▶ DATA BELOW

· · · · · · ·

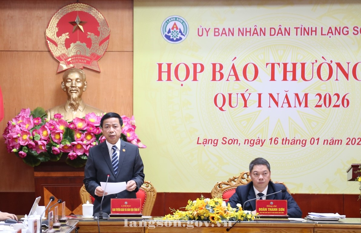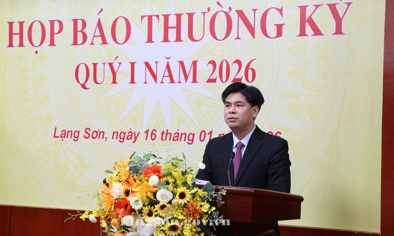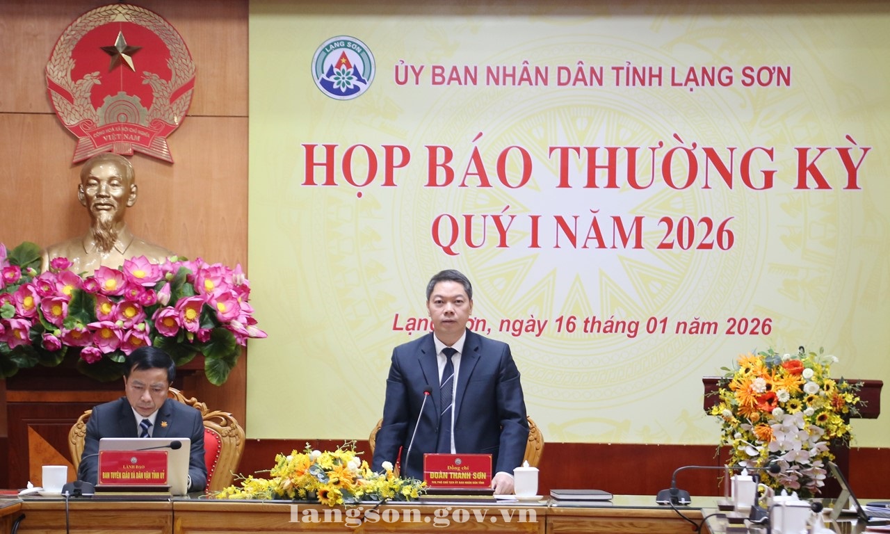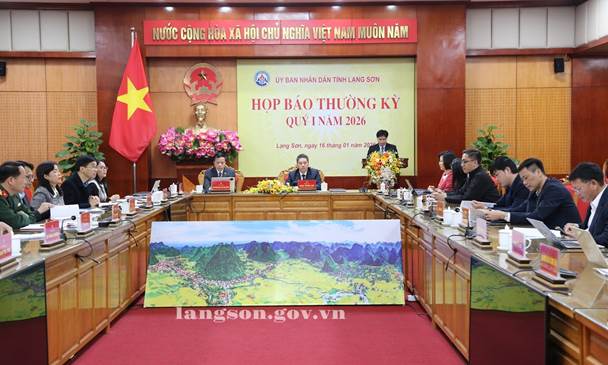 Sáng 16/01/2026, UBND tỉnh Lạng Sơn tổ chức họp báo thường kỳ quý I năm 2026 để thông tin về những kết quả nổi bật trong chỉ đạo, điều hành phát triển kinh tế - xã hội trên địa bàn tỉnh năm 2025; nhiệm vụ, giải pháp trọng tâm năm 2026; định hướng công tác tuyên truyền trong thời gian tới.
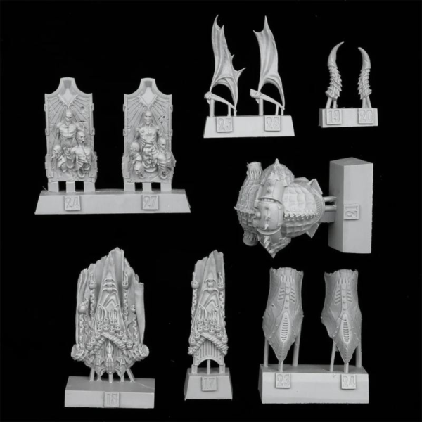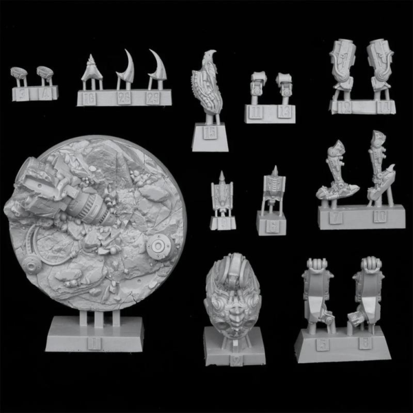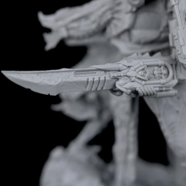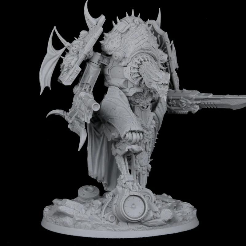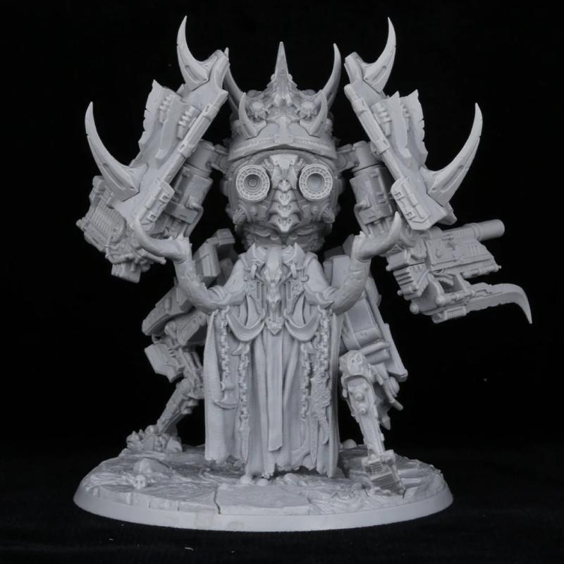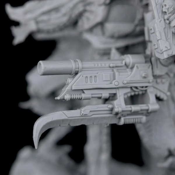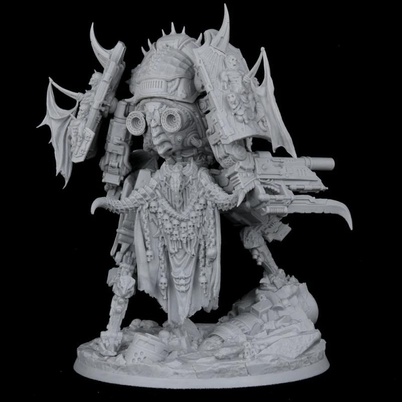 The Corpse-Bearer is an Engine of Annihilation variant that mounts the bodies of its foes on its massive pauldrons, striking terror in even the fiercest enemy. Their sleek frames are designed to compact their silhouette, making them a harder target to hit on the battlefield. Striking from afar, their energy weapons and cascading explosive rounds leave devastating gaps in enemy lines.
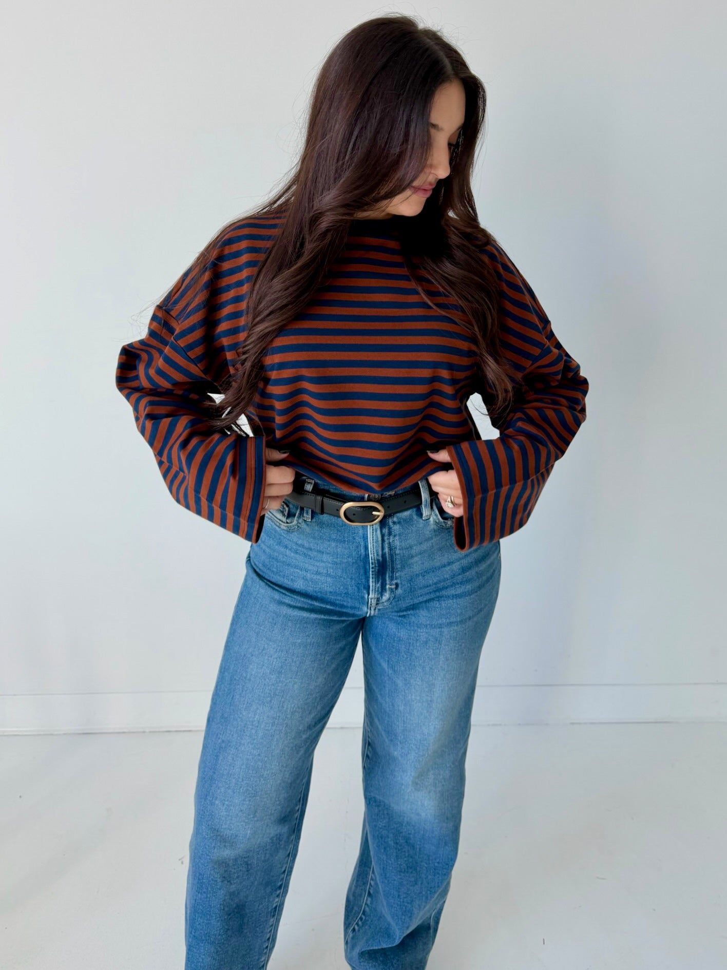 This striped long sleeve is your new go-to for effortless cool. Crafted in a cozy midweight terry knit, it showcases a bold striped design that demands attention. The relaxed fit, dropped shoulders, and generously wide sleeves create that perfect "I woke up like this" vibe, while the ribbed crew neck keeps things polished. Layer it, wear it solo—either way, you've got a timeless pattern that brings personality to your everyday rotation.

· · · · · · ·

▶ ABOUT THIS EXERCISE
Word for word, output the lines from the beginning of the listing through the line holding "The Corpse-Bearer is" and nothing beyond them. Omit the pictures.

▶ ANSWER SECTION
 Sáng 16/01/2026, UBND tỉnh Lạng Sơn tổ chức họp báo thường kỳ quý I năm 2026 để thông tin về những kết quả nổi bật trong chỉ đạo, điều hành phát triển kinh tế - xã hội trên địa bàn tỉnh năm 2025; nhiệm vụ, giải pháp trọng tâm năm 2026; định hướng công tác tuyên truyền trong thời gian tới.
 The Corpse-Bearer is an Engine of Annihilation variant that mounts the bodies of its foes on its massive pauldrons, striking terror in even the fiercest enemy. Their sleek frames are designed to compact their silhouette, making them a harder target to hit on the battlefield. Striking from afar, their energy weapons and cascading explosive rounds leave devastating gaps in enemy lines.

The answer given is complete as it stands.